徐一曼覺得自己到了龍城市就可以重新開始,可是從那個時候開始,徐一曼發現自己再也沒有辦法面對將死之人了,她沒有把握能夠救活每一個人,她告訴死人不會說謊,她告訴自己只要當一名法醫,就再也不用遭遇她曾經遭遇過的事情。
現在她又要面對自己最不想要面對的事情。
江河說只是說:“救護車還要幾分鐘才能過來,現在,你是這裏唯一的醫生。”
幾分鐘對於一個瀕死之人來說,自然是生與死的距離。
徐一曼看着邵老,身子忽然停止了抖動,因為她看到江河的眼睛裏,淚水在打轉。
“你找到你的感情了。”徐一曼幾步走了過來。
“沒有。”江河回答。
學會了口是心非,是擁有感情的第二步。
徐一曼忽然覺得世界都安靜了,廣場上吵雜的人聲,忽然就像是商量好的一樣停了下來。這讓徐一曼想起了自己讀初中的時候,班主任離開之後,孩子們就按耐不住吵鬧了起來,可忽然間,大家又會一同安靜下來,像是老師已經回來似得。
她的同桌告訴她,這個時候,是有天使從頭上路過了。
她又想到了初中時同桌問她長大后想要做什麼工作,她斬釘截鐵回答醫生。她母親的身體一直不好,她最大的願望就是當一名醫生,然後能治好自己母親的病。
她說醫生和天使一樣,都是救人的。
可什麼時候,她忘了呢?
她忽然走向了江河,說道:“我說什麼你就做什麼,現在邵老的情況很危險,救護車還有多長時間到?”
“可能,三分鐘。”江河猜測到。
離新年只有不到十五秒了。
大年三十二十三點五十七分,袁軍像是一條瘋狗一樣往廣場邊緣跑去,在廣場的四周,停靠着幾輛救護車,防止十萬人的廣場上出現什麼意外。可廣場人山人海,別說是一輛救護車了,就是一輛自行車也難有立錐之地。
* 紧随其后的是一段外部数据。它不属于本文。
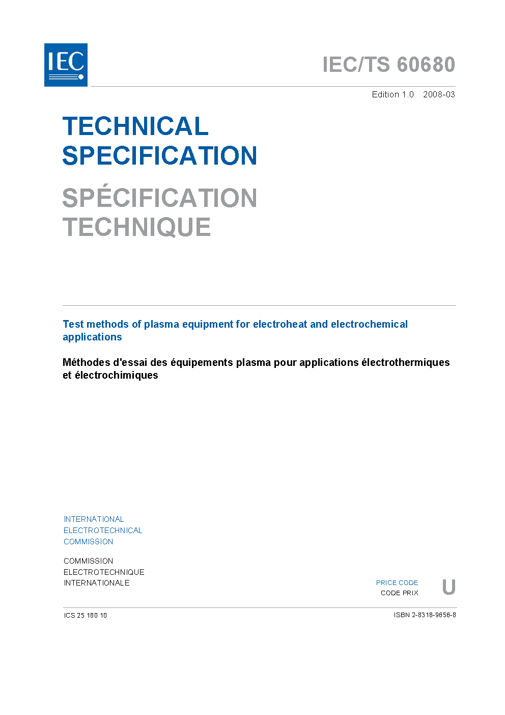 IEC/TS 60680 specifies test methods for thermal plasma torch systems and installations using thermal plasma torch systems. Standardizes the test methods and conditions for determining the main parameters and technical characteristics. Safety requirements for these systems and installations or equipment are given in IEC/TS 60519-5.
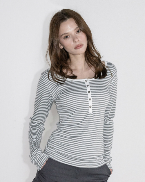 - 슬림핏, U넥 라인, 앞면 버튼 여밈
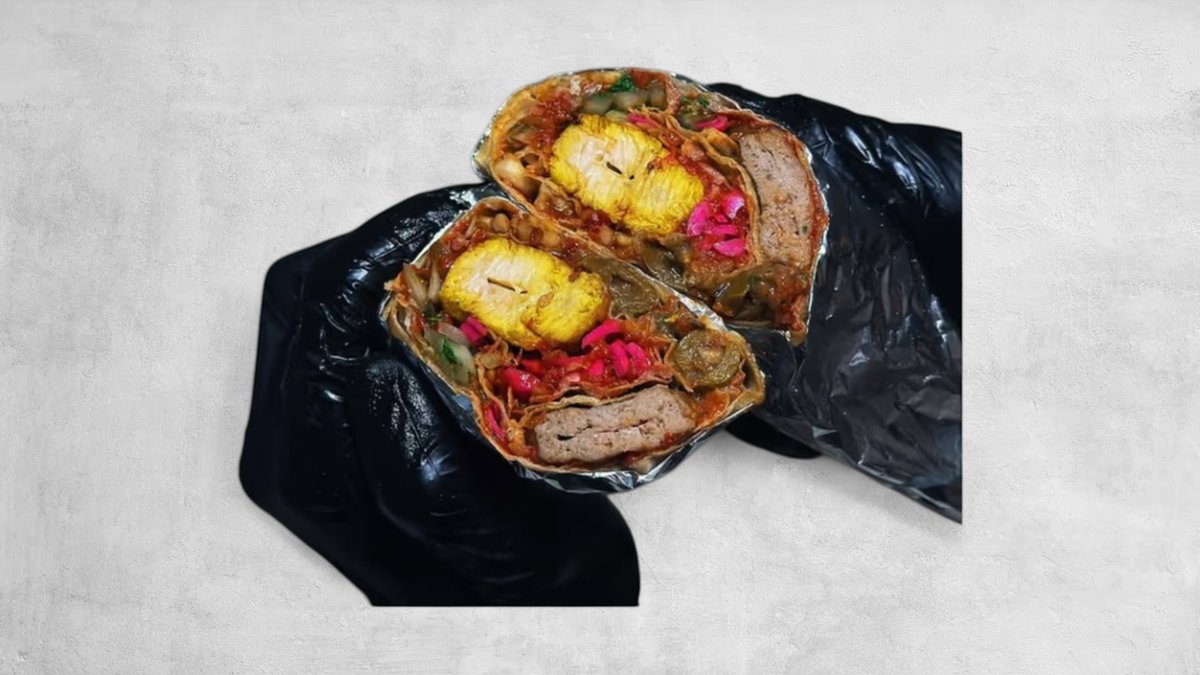 Genießen Sie unseren Wilde Wrap, gefüllt mit Mais, Käse, Pilzen, Rinderhackfleisch (Halal), Nachos & Salat.
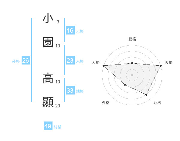 小園 高顯さんの総格は49画の2点!
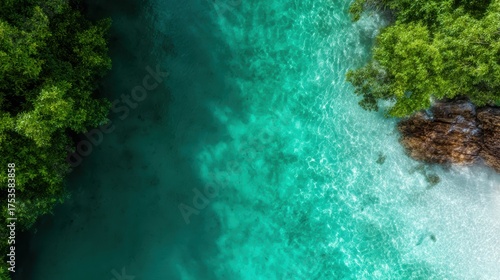 Aerial view of stunning turquoise waters seamlessly blending with verdant trees, creating a picturesque scene that highlights the beauty of nature at its finest.
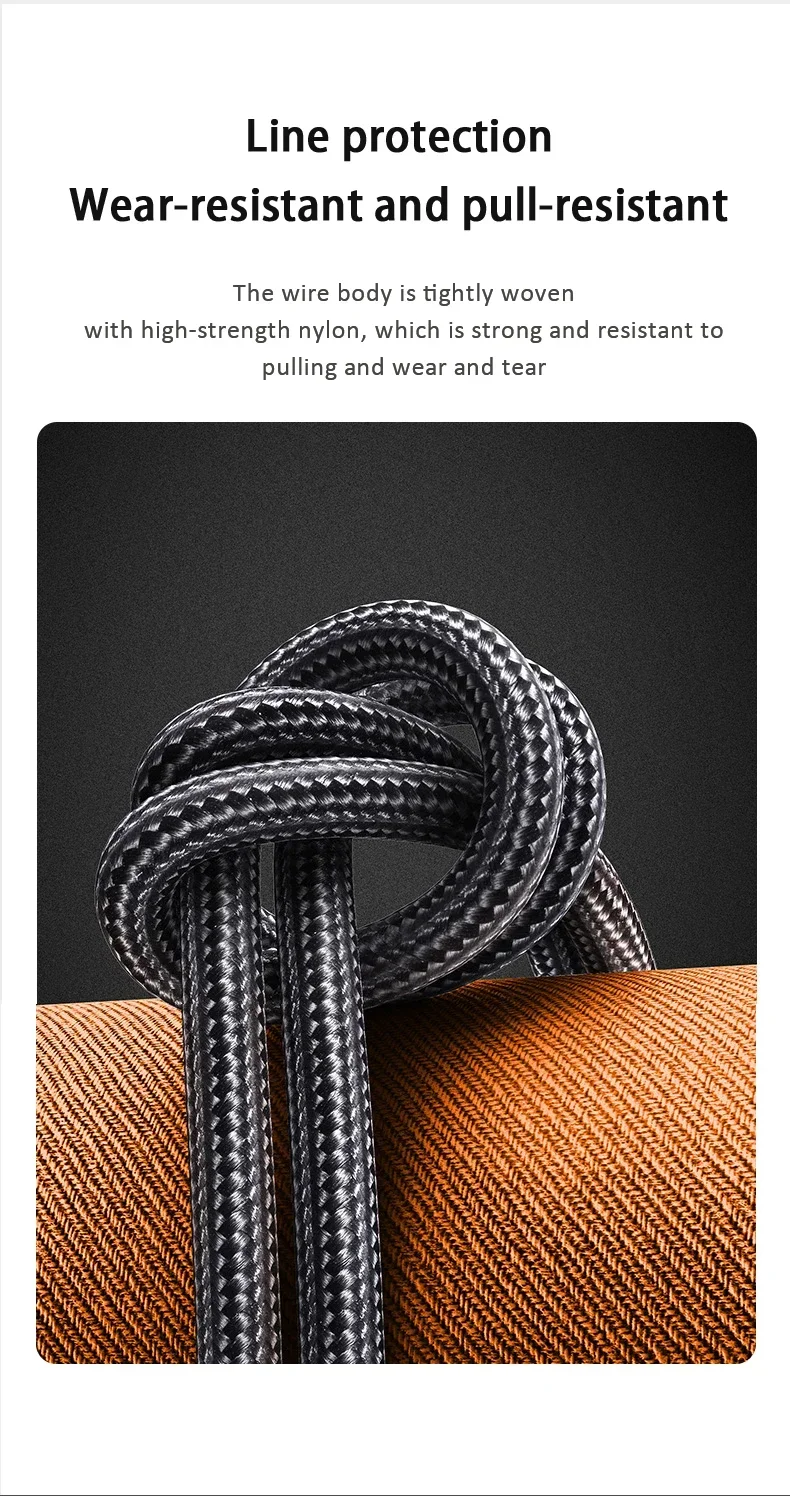 - Carga rápida PD de 100 W Utilice el cargador original o compre un cargador con más de 100 W de potencia; de lo contrario, el cable no podrá reproducir el mejor rendimiento.
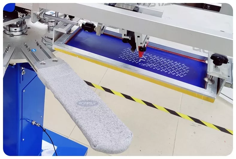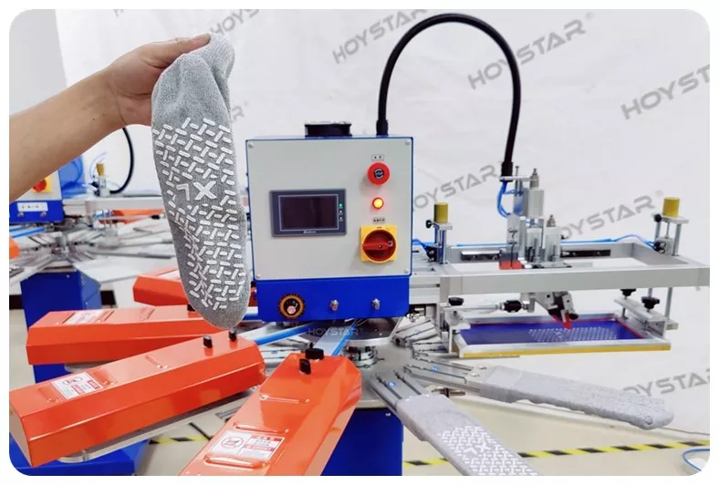 Mesin Cetak Layar Non-Slip kanggo Kaos Kaki dirancang kanggo kaos kaki non-slip berkualitas tinggi kaya kaos kaki bayi, kaos kaki pet, kaos kaki dewasa, kaos kaki bal-balan, kaos kaki genggeman. Cocog kanggo manufaktur sing duwe spesialisasi ing kaos kaki atletik, medis, bocah-bocah, lan yoga sing dituku kanggo dicithak.
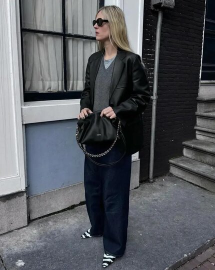 Ещё один способ добавить деликатный акцент – тиснение под кожу рептилии. Змеиный или крокодиловый рисунок делает образ выразительнее, даже если на вас простое пальто и джинсы. Лучше всего этот тренд работает в лаконичных формах: сапоги-трубы, ботильоны с квадратным мысом, лоферы.
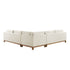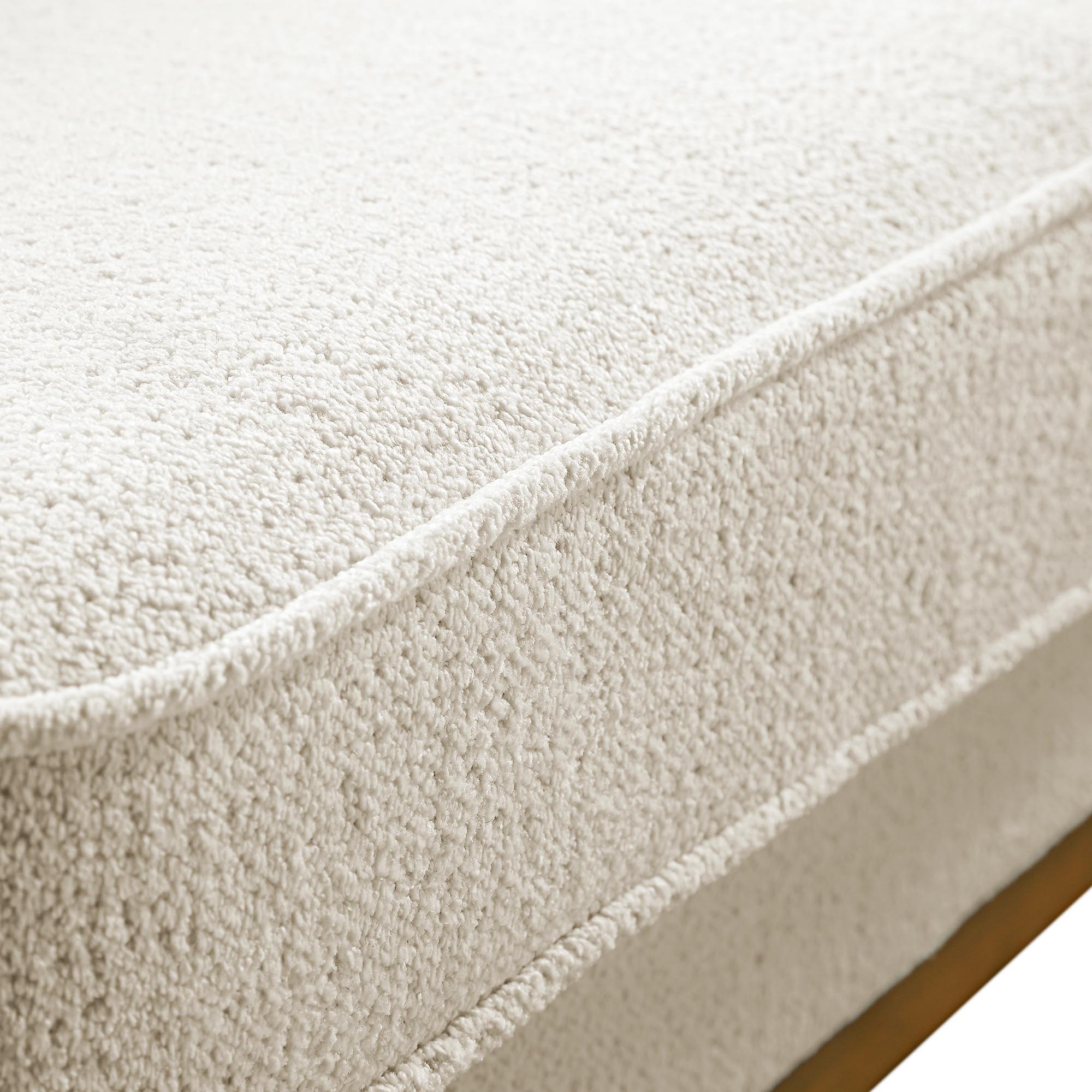 - Combination of beige boucle fabric and solid wood base delivers a cosy and earthy vibe

“馬上救人,他脖子被人割斷了。”袁軍上氣不接下氣,對着救護車司機說道。
“廣場上不讓開車,況且車也進不去,這裏這麼多人,救一個人壓死一百個人?”開救護車的是一名四十來歲的男人,他正靠在救護車旁,抽着煙:“你們只能把人抬到這裏來,車上有擔架。”
袁軍並不是一個不善言辭的人,但是這個時候他一句話也不想說,他只用了一腳就將司機踹到在地,惹得車上的一個醫生連連驚呼:“你不是警察嗎,警察怎麼能隨便打人。”
袁軍將自己的證件扔到了地上:“從現在開始我不是了。”
說著,他已經來開了車門,坐上了駕駛位:“打開警笛。”
救護車的警笛聲響了起來,可廣場上的人群並沒有散開的意思。廣場前有幾個圓球,相隔一米立着一個,那是隔離墩,避免有車開上來。袁軍打開窗戶,對着面前的這群人喊道:“救護車救人,你們趕緊讓開。”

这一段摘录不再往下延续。